• TASK INSTRUCTIONS: An exact copy of the data is required. No picture may appear in it.

Top of AVAILABLE DATA

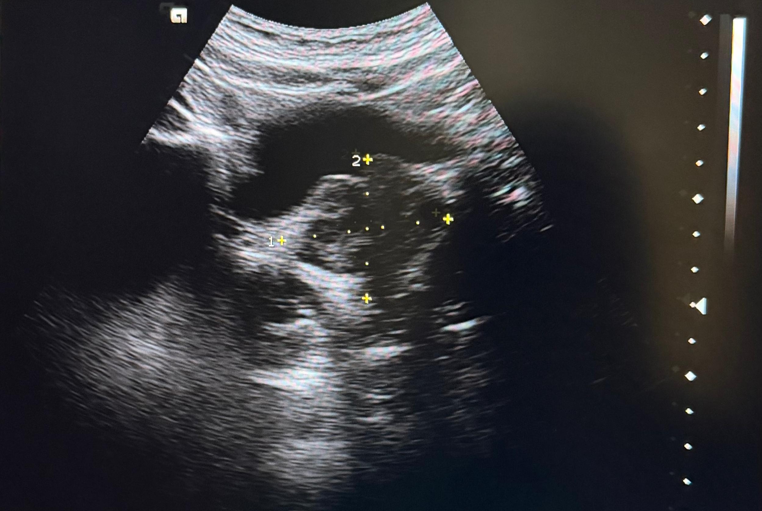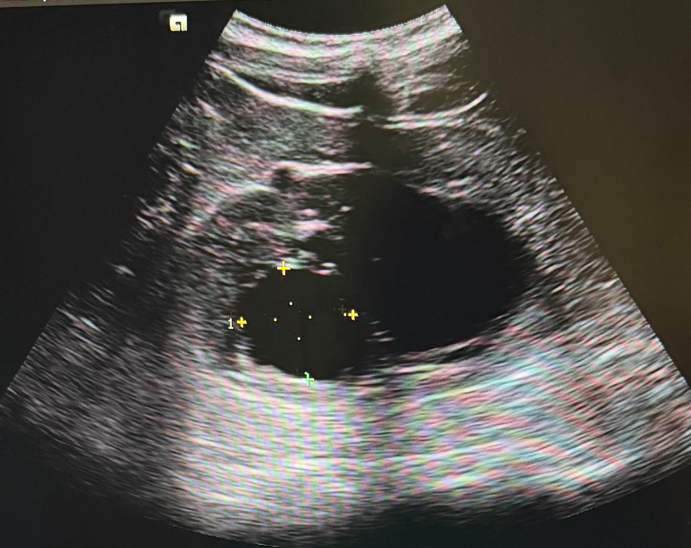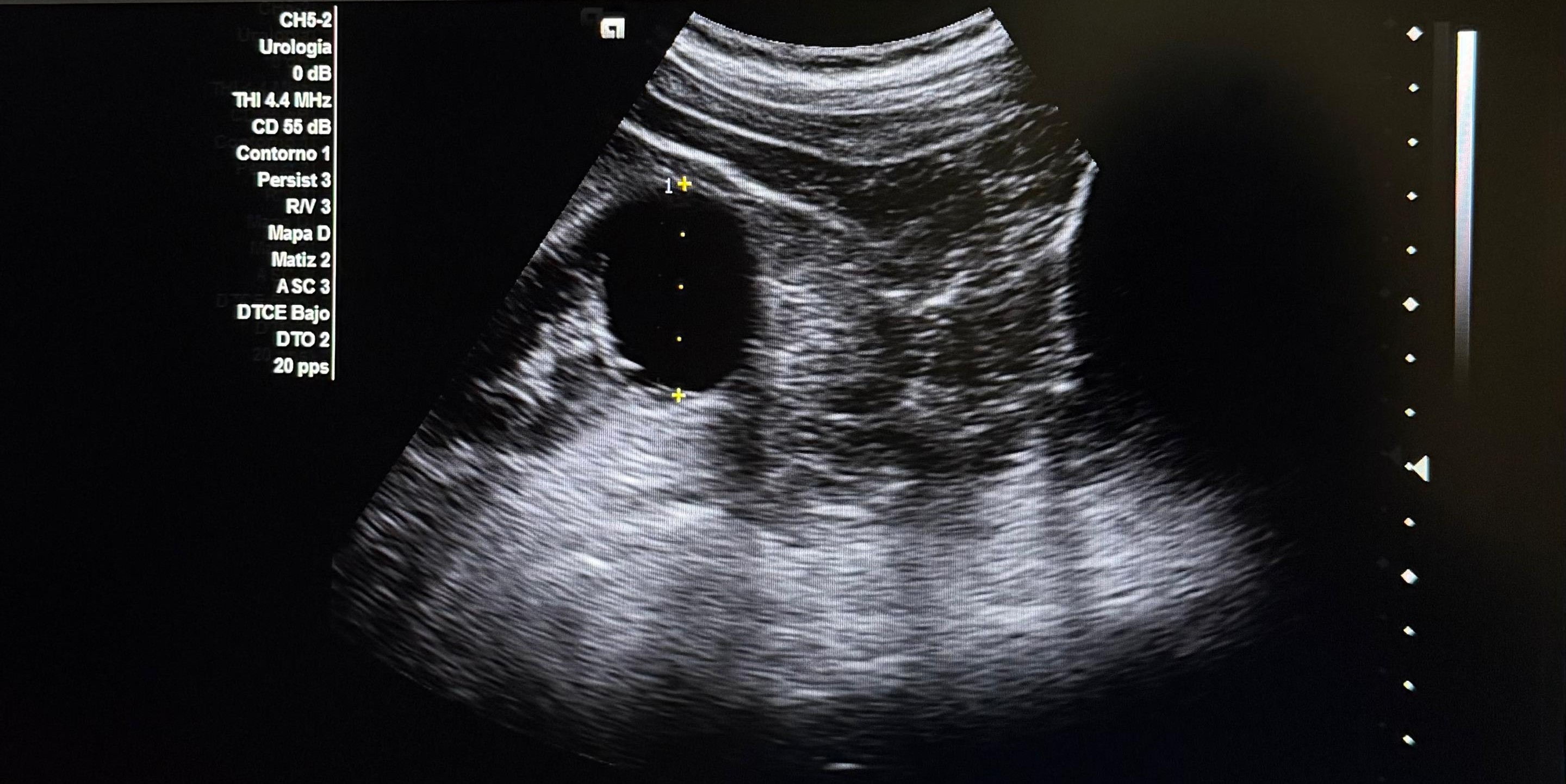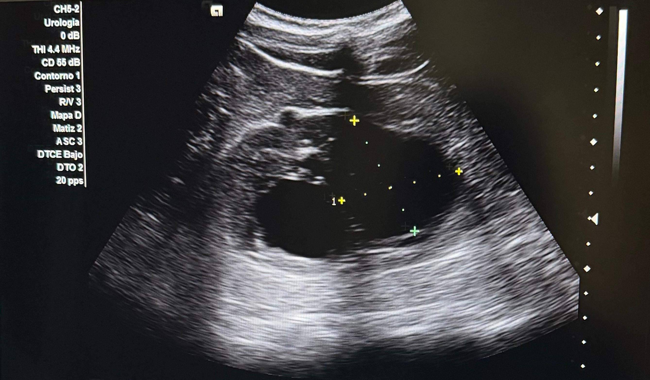Se realiza ecografía abdominopélvica donde se visualiza vejiga sin alteraciones, próstata aumentada de tamaño con un volumen estimado de 59 cc. Como hallazgo incidental se objetivan ambos riñones aumentados de tamaño con varios quistes.
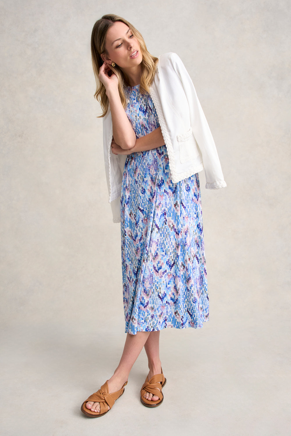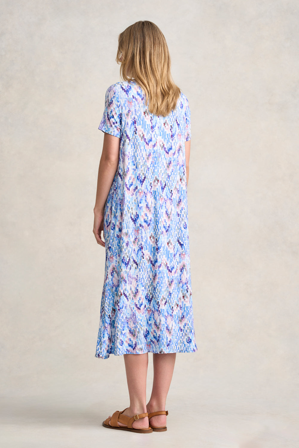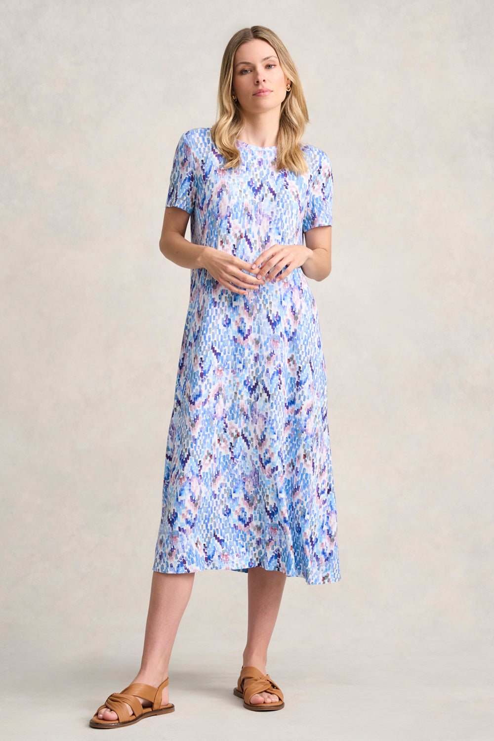 With a relaxed fit, our colourful Trapeze Jersey Dress is both easy to wear and to dress up or down depending on the occasion. Available in the joli Abstract Texture print, this midi-length beauty features a wide scoop neckline and comfortable summery short sleeve.
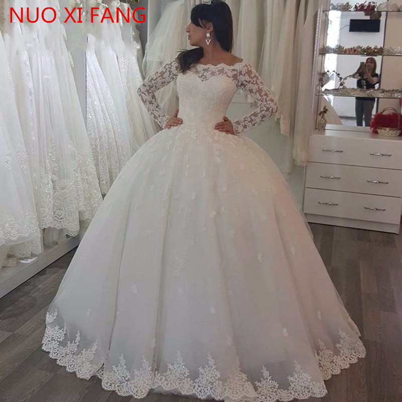 NUOXIFANG 2024 New Vintage Lace Appliques Off The Shoulder Wedding Dresses Ball Gown Long Sleeves Wedding Gowns Bride Dress

Bottom of AVAILABLE DATA

• ANSWER FOR THE TASK:
Se realiza ecografía abdominopélvica donde se visualiza vejiga sin alteraciones, próstata aumentada de tamaño con un volumen estimado de 59 cc. Como hallazgo incidental se objetivan ambos riñones aumentados de tamaño con varios quistes.
 With a relaxed fit, our colourful Trapeze Jersey Dress is both easy to wear and to dress up or down depending on the occasion. Available in the joli Abstract Texture print, this midi-length beauty features a wide scoop neckline and comfortable summery short sleeve.
 NUOXIFANG 2024 New Vintage Lace Appliques Off The Shoulder Wedding Dresses Ball Gown Long Sleeves Wedding Gowns Bride Dress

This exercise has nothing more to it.